KEEP THE POLLINATOR AND MONARCH BUTTERFLY ISSUE ON YOUR RADAR

Tricia Braid

Jan 08, 2016  |  Today's News

 

Have you heard anyone talking about pollinator habitat or butterfly gardens? If you haven’t already, you no doubt will be, soon, as a Presidential task force is rolling out programs geared to build up more than 7 million acres of habitat in the next few years. What’s at risk for you if that goal is not achieved? A laundry list of pesticides and farming methodologies are likely to come under fire if voluntary efforts aren’t good enough. So, as you’re discovering areas in your fields that are maybe a little harder to get to with larger equipment, or maybe you have a waterway that could use a seeding, you might want to look into what it would take to include some plants appropriate for pollinators and the monarch butterfly.

Just this week, in a first of its kind review, the U.S. Environmental Protection Agency determined that the neonicotinoid pesticide imidacloprid may threaten bees under certain conditions. The assessment was the first completed since President Obama announced a national pollinator strategy last year.
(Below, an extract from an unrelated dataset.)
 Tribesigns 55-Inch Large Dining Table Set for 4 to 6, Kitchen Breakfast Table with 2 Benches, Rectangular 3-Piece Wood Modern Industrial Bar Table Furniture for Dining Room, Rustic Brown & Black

In this particular case, corn is getting a bit of a bye, being that it is viewed as posing a lower risk to honey bees. Berries, vegetables, and tobacco, however, are in the hot seat.
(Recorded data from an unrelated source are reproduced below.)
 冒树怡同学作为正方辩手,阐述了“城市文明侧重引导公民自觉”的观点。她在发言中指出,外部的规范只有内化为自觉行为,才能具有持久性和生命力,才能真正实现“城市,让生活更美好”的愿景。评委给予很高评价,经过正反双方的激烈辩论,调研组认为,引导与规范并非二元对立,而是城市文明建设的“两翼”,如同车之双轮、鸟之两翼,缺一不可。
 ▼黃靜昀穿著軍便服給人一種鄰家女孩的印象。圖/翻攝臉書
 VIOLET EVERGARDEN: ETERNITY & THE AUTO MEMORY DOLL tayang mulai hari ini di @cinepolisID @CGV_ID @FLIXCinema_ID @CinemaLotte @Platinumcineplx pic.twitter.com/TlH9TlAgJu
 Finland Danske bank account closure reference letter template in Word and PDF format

According to the Energy and Environmental Policy News website,

“Under the National Pollinator Health Strategy, federal agencies are trying to work together to limit honeybee overwintering losses to 15 percent within 10 years, boost monarch butterfly numbers to 225 million in the insect's winter habitat in Mexico, and restore and enhance 7 million acres of land for pollinators over the next five years through federal actions and public-private partnerships (Greenwire, May 19, 2015).

“Key steps in that process include completing EPA reviews of imidacloprid and three other neonicotinoids -- thiamethoxam, clothianidin and dinotefuran -- by 2017.

EPA also proposed a temporary ban last year on spraying neonicotinoid pesticides during the bloom season or when bees are present (Greenwire, May 28, 2015). The agency has also worked to limit new uses of imidacloprid and similar pesticides.”